For the cashew cheese
1 cup of raw cashews
3 teaspoons of nutritional yeast
½ teaspoon of garlic powder
1 teaspoon of onion powder
3/4 teaspoon of salt
¼ teaspoon of turmeric
4 tablespoons of water
2 tablespoons of fresh lemon juice
12 fresh jalapeños
For the crumbing
¼ cup of gluten free bread crumbs
3 tablespoons of nutritional yeast
¼ cup of almond milk (or a plant based milk of your choice)
For the dipping sauce
1/3 cup of raw cashews
½ teaspoon of salt
1 teaspoon of smoked paprika
5 tablespoons of water
Soak the 1 cup of cashews and the ¼ cup of cashews over night, in separate containers with enough water to cover them. Once soaked, drain the water from the 1 cup of cashews and discard the water.
Preheat your oven to 200c and make the cashew cheese by placing all the popper ingredients (except the jalapeños), into a blender and blending for 5 minutes. Make sure you scrape any lumps from the side of the blender and add them to your mixture so that they blend nicely too. Once the cashew cheese is smooth, set it aside.
Slice each jalapeño in half. Remove and discard the seeds. Put a generous teaspoon of the cashew cheese mixture into each jalapeño half and set aside.
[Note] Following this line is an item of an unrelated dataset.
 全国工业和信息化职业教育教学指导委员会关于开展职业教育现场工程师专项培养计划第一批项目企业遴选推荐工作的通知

To make the crumbing mixture, combine the bread crumbs and nutritional yeast and place them onto a plate. Pour the milk into a small shallow bowl. Carefully dip the stuffed poppers into the almond milk. Place them onto the breadcrumb plate and cover them generously with crumbs. Shake off any excess crumbs. Repeat until each popper is well covered. The bottom half will only have a thin layer of breadcrumbs, but the cheese stuffed top will have a nice thick layer. Place the poppers onto a dry baking tray and into the oven. Cook for 15 minutes until the jalapeños have softened and the bread crumbs have browned.
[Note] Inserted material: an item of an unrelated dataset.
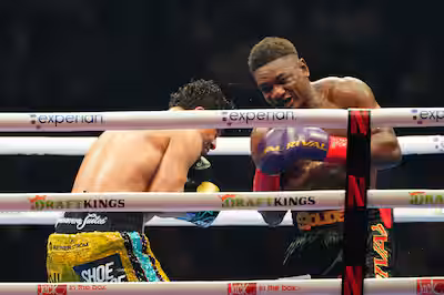Ao mesmo tempo, no closing da gala difundida por 40 milhões de espectadores pela Netflix, o mexicano Canelo Alvaraz também se juntou a ele em um jogo com cerca de 168 libras, que foi apresentado ao seu sucessor pelo americano Terence Crawford. Mais o veterano de 38 anos decidiu abandonar o ceinture para eventualmente anunciar seu retorno nas próximas semanas.

While the poppers are cooking, make the sauce. Drain the remaining 1/3 cup of cashews and discard the water. Blend the cashews with the rest of the sauce ingredients, for 5 minutes until smooth. Place the sauce into a serving dish.
Once the poppers are cooked, place them onto a platter, with the sauce and serve immediately.
Yields: Makes 24 poppers.
Time: 30 minutes to prepare and 15 minutes to cook. Plus the soaking time for the cashews.